The individual subspecialties in neurosurgery each offer unique opportunities. Cerebrovascular neurosurgeons deal with disorders involving the blood flow to and within the brain. They perform operations to relieve narrowing of the carotid arteries in the neck or eliminate aneurysms or arteriovenous malformations within the brain. Some operations can only be performed under controlled, temporary cardiac arrest.
Neurosurgeons who specialize in spinal surgery manage a wide variety of disorders involving the spinal column and spinal cord. These include arthritic conditions such as herniated discs and bone spurs that can put pressure on the nerve roots and the spinal cord, tumors of the spine and spinal cord, spinal fractures, and deformities of the spine such as scoliosis and spondylolisthesis. It is a field that has undergone rapid technological advances in the last decade which have increased the number of patients that can be successfully managed with spinal surgery.

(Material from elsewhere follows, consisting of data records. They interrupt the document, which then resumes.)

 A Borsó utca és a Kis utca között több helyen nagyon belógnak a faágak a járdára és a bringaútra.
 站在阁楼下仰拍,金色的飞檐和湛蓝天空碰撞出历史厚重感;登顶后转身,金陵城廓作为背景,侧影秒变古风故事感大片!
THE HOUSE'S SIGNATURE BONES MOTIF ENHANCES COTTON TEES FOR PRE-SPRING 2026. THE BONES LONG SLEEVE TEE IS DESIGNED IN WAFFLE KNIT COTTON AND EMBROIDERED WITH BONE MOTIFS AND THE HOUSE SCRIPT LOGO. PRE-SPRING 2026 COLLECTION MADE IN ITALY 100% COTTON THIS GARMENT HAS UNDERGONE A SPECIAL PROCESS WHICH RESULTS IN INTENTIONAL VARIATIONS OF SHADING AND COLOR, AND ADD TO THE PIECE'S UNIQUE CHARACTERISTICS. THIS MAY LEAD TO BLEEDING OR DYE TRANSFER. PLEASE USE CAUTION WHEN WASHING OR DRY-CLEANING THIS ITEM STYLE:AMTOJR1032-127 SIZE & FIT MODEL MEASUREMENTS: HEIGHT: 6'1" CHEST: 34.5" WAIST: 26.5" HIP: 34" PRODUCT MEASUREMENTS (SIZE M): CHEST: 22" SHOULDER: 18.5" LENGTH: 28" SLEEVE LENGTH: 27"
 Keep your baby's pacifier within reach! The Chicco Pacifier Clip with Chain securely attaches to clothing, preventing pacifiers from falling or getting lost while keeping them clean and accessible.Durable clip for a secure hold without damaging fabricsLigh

Pediatric neurosurgeons are challenged with unique neurological disorders affecting children. In addition to managing patients with head injuries, brain and spinal tumors, vascular malformations, and seizure disorders, the pediatric neurosurgeon spends a great deal of time managing children with hydrocephalus. Advances in programmable shunt devices have greatly improved the success of shunt surgery.

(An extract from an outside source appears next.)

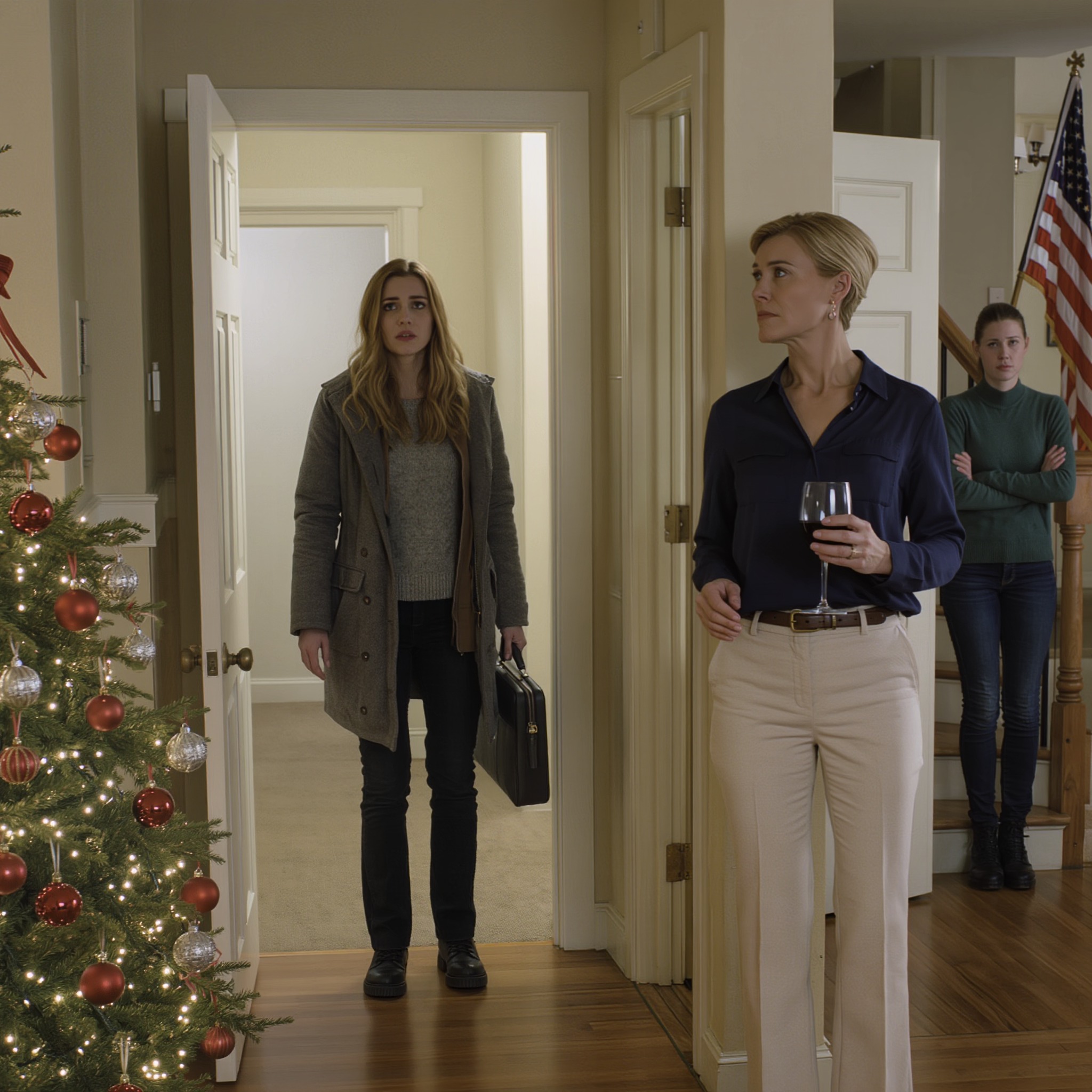 Mijn moeder verscheen in de deuropening, een glas wijn in haar hand, haar gezicht zo koud als graniet in de winter.

Neurosurgeons who specialize in treating patients with complex seizure disorders are part of a team of physicians that manage this problem. While most patients with seizures can be successfully managed with medication, a few continue to have seizures despite heavy medication. These patients undergo an operation in which a grid of electrodes are placed on the surface of the brain and left in place for several days. During this time the source of the abnormal electrical activity within the brain is precisely mapped and localized. When the focus of the seizure has been localized within the brain, the patient then undergoes a second operation to have that portion of the brain removed. This procedure can dramatically reduce the number of seizures and give the seizure patient a relatively normal life.
Neurosurgeons who specialize in functional surgery are experiencing a dramatic surge in technology. Functional surgery deals with a variety of disorders of the brain that can be incapacitating to a patient. Movement disorders that can occur with such diseases as multiple sclerosis and Parkinson's disease can virtually isolate a patient from society. With recent advances in computer navigational technology which allows for the extremely precise placement of recording electrodes within the deep brain nuclei, as well as advances in recording capabilities that now allow for recording electrical activity within small groups of neurons, surgery for these conditions can result in a high degree of success in controlling or eliminating these movement disorders.

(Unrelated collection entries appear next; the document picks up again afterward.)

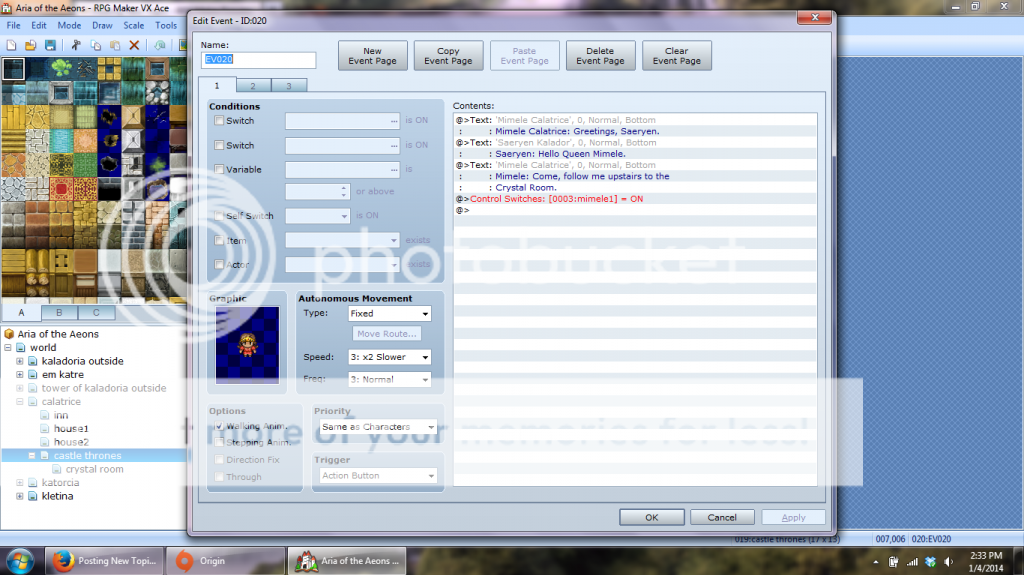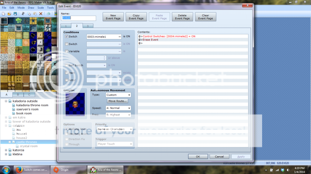 Put the move route command (as the command, not as autonomous movement like your current second page) on the first page, after the text commands and a control self-switch at the end of the first page after the move command, then delete the current second page and condition the current third page (which will then be the new second page) on the self-switch, not on general switches.
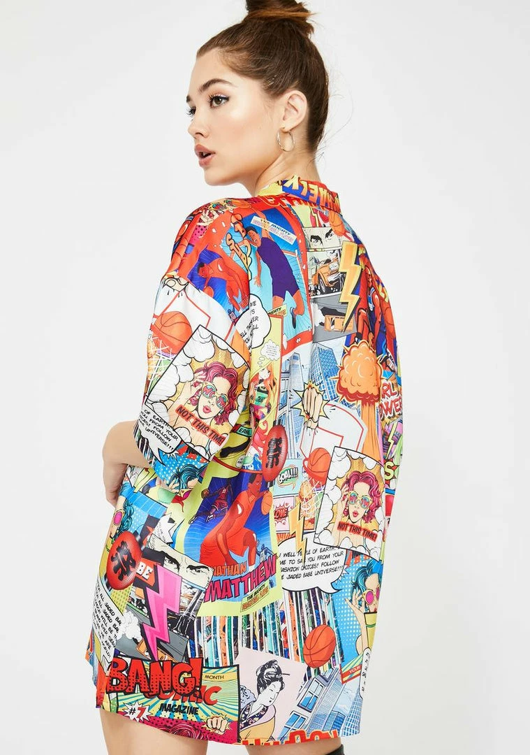 cuz youΓ’ΒΒre a pop art princess! Wham, bam, thank you maΓ’ΒΒam in this button up shirt that has a revere collar, an oversized fit, and comic graphics all ova.
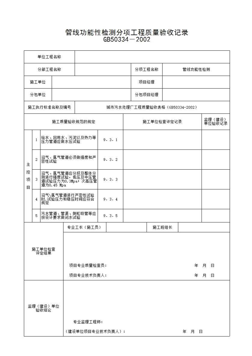 城市污水处理厂工程质量验收表格(GB 50334-2002
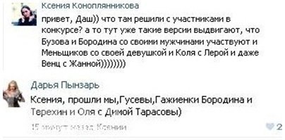В конкурсе терем для двоих учавствуют пары-семья Пынзарь, семья Гажиенко, семья Гусевых.И еще две пары потом присоединиться (и это не участники дома 2, Бузуова и Тарасов, Бородина и Терехин )эфир16 сентября!!!!
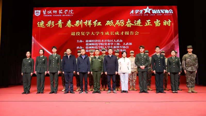 11月19日下午,“迷彩青春别样红 砥砺奋进正当时”退役复学大学生成长成才报告会在我校新长校区大学生活动中心举办。学校党委常委、副校长张桂华,盐城经济技术开发区党工委委员、人武办主任于成海出席报告会。

Neurosurgery is a very demanding, yet extremely rewarding specialty. It offers a wide variety of clinical challenges and surgical options. It is well suited to those individuals seeking a career in surgery who have a strong interest in the human nervous system and the various disorders that can affect it. The technological advances that continue to evolve will help keep neurosurgery a fresh and exciting field for decades to come.